Less than a week after disclosing
it misreported $3.8 billion in earnings over the past five quarters,
embattled telecom WorldCom Inc. faces a variety of
investigations, from its own internal audit committee to the Securities and
Exchange Commission (SEC) to the U.S. Congress, which promise to scrutinize
the role played by high-profile former CEO Bernie Ebbers.
Monday’s Wall Street Journal reported that federal investigators want
to know what Ebbers role was in what promises to be the largest corporate
restatement in history. Today, in a filing ordered last week by the SEC,
WorldCom said it would expand its internal investigation to look into its
accounting practices before the last year and a half. The company said it
would probe “certain material reversals to reserve accounts during 2000 and
1999,” when Ebbers led the company. Accounting firm KPMG is to assist with
the audit.
Two WorldCom lenders holding credit facilities worth a total of $4.25
billion notified the company that they reserved their rights to call the
loans in immediately. WorldCom said the notifications were expected, and it
is in talks with the lenders to work out new loan arrangements.
Meanwhile, EDS today said it would not be materially affected by WorldCom’s
meltdown, despite having $12 billion in contracts with the telecom.

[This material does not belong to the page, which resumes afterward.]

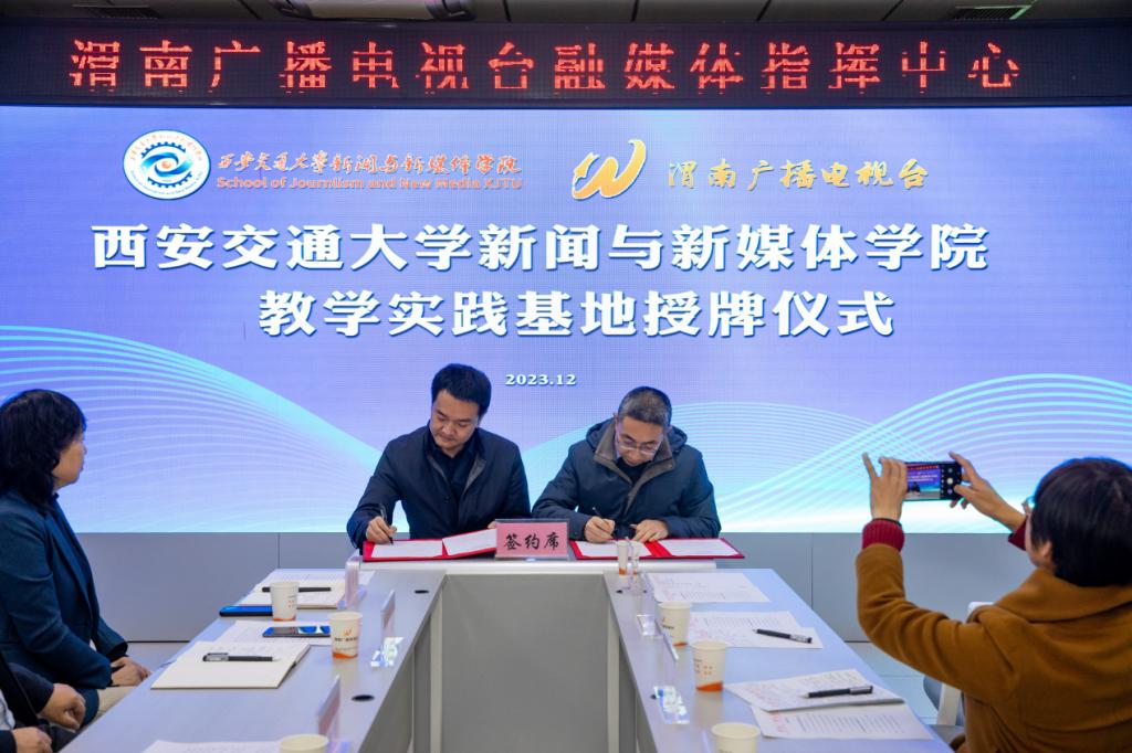 为渭南广播电视台授“教学实践基地”牌匾,双方代表还就校媒合作签署了战略合作协议。会议中,双方就融合媒体时代传统媒体如何处理好“宣传—经营”的关系的核心问题,高校在破解上述问题、推进坚守党媒主阵地的有效路径、进一步深化推进全媒体体系建设方面的研究能力的实践转化等方面进行了深入探讨。据悉,未来双方将在设立实习实践基地、建立人才培养基地、双向交流研发实践等方面进行深度合作,资源共享,优势互补,合作共赢。

EDS said
it still expects WorldCom to account for $160 million to $175 million of
revenues in the last two quarters of the year.
In October 1999, EDS signed an 11-year, $6.4 billion agreement to provide IT
services to WorldCom. At the same time, the two companies inked a
network-services deal, for the same duration, worth $6 billion.
Last week, the SEC leveled
fraud charges against WorldCom and its top executives, while the House
Financial Services Committee subpoenaed four WorldCom officials, including
Ebbers and former Chief Financial Officer Scott Sullivan, to testify July 8.
The Justice Department has also opened an investigation.
The possibility of Ebbers being hauled before a hostile Congressional
committee would make him join Enron’s Kenneth Lay and Tyco’s Dennis
Kozlowski as the latest CEO laid low by the accounting scandals that have
engulfed corporate America.
Just two months ago, Ebbers
resigned from WoldCom after the revelation that the company gave him
$366 million in loans and loan guarantees in the days when WorldCom’s stock
was flying high.
Ebbers helped found WorldCom in 1985, brashly building the company from a
mid-tier telecom to the nation’s second largest in a five-year acquisitions
binge highlighted by the $30 billion merger with Sprint in 1998.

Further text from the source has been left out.